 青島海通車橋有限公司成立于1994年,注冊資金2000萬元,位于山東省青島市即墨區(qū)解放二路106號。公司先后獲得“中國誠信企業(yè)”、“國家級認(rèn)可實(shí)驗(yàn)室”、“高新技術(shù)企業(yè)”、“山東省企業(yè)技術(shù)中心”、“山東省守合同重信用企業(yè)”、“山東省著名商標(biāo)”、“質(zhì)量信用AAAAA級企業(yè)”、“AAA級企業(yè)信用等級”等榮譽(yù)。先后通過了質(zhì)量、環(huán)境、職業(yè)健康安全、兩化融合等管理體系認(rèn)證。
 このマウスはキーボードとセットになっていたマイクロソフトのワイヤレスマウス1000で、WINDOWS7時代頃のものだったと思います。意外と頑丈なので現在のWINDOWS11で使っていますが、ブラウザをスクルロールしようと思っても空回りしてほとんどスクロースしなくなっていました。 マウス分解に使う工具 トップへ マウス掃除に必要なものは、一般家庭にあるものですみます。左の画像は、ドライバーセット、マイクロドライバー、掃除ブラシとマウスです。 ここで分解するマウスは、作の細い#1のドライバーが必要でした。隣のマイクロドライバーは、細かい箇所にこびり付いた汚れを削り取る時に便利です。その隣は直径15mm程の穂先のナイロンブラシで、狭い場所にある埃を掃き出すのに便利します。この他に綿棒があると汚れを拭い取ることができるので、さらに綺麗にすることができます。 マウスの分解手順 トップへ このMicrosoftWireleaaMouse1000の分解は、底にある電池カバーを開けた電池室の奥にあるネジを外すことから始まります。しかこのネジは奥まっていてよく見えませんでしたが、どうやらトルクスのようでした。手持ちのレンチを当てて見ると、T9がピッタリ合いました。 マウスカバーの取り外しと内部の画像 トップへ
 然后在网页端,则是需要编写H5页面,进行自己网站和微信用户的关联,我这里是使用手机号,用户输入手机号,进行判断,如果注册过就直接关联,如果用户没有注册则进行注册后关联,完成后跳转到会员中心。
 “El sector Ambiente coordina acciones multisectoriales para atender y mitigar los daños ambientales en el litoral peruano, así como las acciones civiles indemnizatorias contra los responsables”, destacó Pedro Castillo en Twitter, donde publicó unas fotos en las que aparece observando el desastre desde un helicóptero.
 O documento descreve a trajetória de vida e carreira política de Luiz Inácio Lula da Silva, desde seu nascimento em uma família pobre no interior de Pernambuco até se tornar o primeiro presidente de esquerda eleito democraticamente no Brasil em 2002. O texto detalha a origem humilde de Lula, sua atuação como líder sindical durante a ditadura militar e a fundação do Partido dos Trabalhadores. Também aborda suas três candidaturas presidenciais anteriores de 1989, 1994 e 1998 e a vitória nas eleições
= = = =
Copy the material above exactly. Include every line.

 青島海通車橋有限公司成立于1994年,注冊資金2000萬元,位于山東省青島市即墨區(qū)解放二路106號。公司先后獲得“中國誠信企業(yè)”、“國家級認(rèn)可實(shí)驗(yàn)室”、“高新技術(shù)企業(yè)”、“山東省企業(yè)技術(shù)中心”、“山東省守合同重信用企業(yè)”、“山東省著名商標(biāo)”、“質(zhì)量信用AAAAA級企業(yè)”、“AAA級企業(yè)信用等級”等榮譽(yù)。先后通過了質(zhì)量、環(huán)境、職業(yè)健康安全、兩化融合等管理體系認(rèn)證。
 このマウスはキーボードとセットになっていたマイクロソフトのワイヤレスマウス1000で、WINDOWS7時代頃のものだったと思います。意外と頑丈なので現在のWINDOWS11で使っていますが、ブラウザをスクルロールしようと思っても空回りしてほとんどスクロースしなくなっていました。 マウス分解に使う工具 トップへ マウス掃除に必要なものは、一般家庭にあるものですみます。左の画像は、ドライバーセット、マイクロドライバー、掃除ブラシとマウスです。 ここで分解するマウスは、作の細い#1のドライバーが必要でした。隣のマイクロドライバーは、細かい箇所にこびり付いた汚れを削り取る時に便利です。その隣は直径15mm程の穂先のナイロンブラシで、狭い場所にある埃を掃き出すのに便利します。この他に綿棒があると汚れを拭い取ることができるので、さらに綺麗にすることができます。 マウスの分解手順 トップへ このMicrosoftWireleaaMouse1000の分解は、底にある電池カバーを開けた電池室の奥にあるネジを外すことから始まります。しかこのネジは奥まっていてよく見えませんでしたが、どうやらトルクスのようでした。手持ちのレンチを当てて見ると、T9がピッタリ合いました。 マウスカバーの取り外しと内部の画像 トップへ
 然后在网页端,则是需要编写H5页面,进行自己网站和微信用户的关联,我这里是使用手机号,用户输入手机号,进行判断,如果注册过就直接关联,如果用户没有注册则进行注册后关联,完成后跳转到会员中心。
 “El sector Ambiente coordina acciones multisectoriales para atender y mitigar los daños ambientales en el litoral peruano, así como las acciones civiles indemnizatorias contra los responsables”, destacó Pedro Castillo en Twitter, donde publicó unas fotos en las que aparece observando el desastre desde un helicóptero.
 O documento descreve a trajetória de vida e carreira política de Luiz Inácio Lula da Silva, desde seu nascimento em uma família pobre no interior de Pernambuco até se tornar o primeiro presidente de esquerda eleito democraticamente no Brasil em 2002. O texto detalha a origem humilde de Lula, sua atuação como líder sindical durante a ditadura militar e a fundação do Partido dos Trabalhadores. Também aborda suas três candidaturas presidenciais anteriores de 1989, 1994 e 1998 e a vitória nas eleições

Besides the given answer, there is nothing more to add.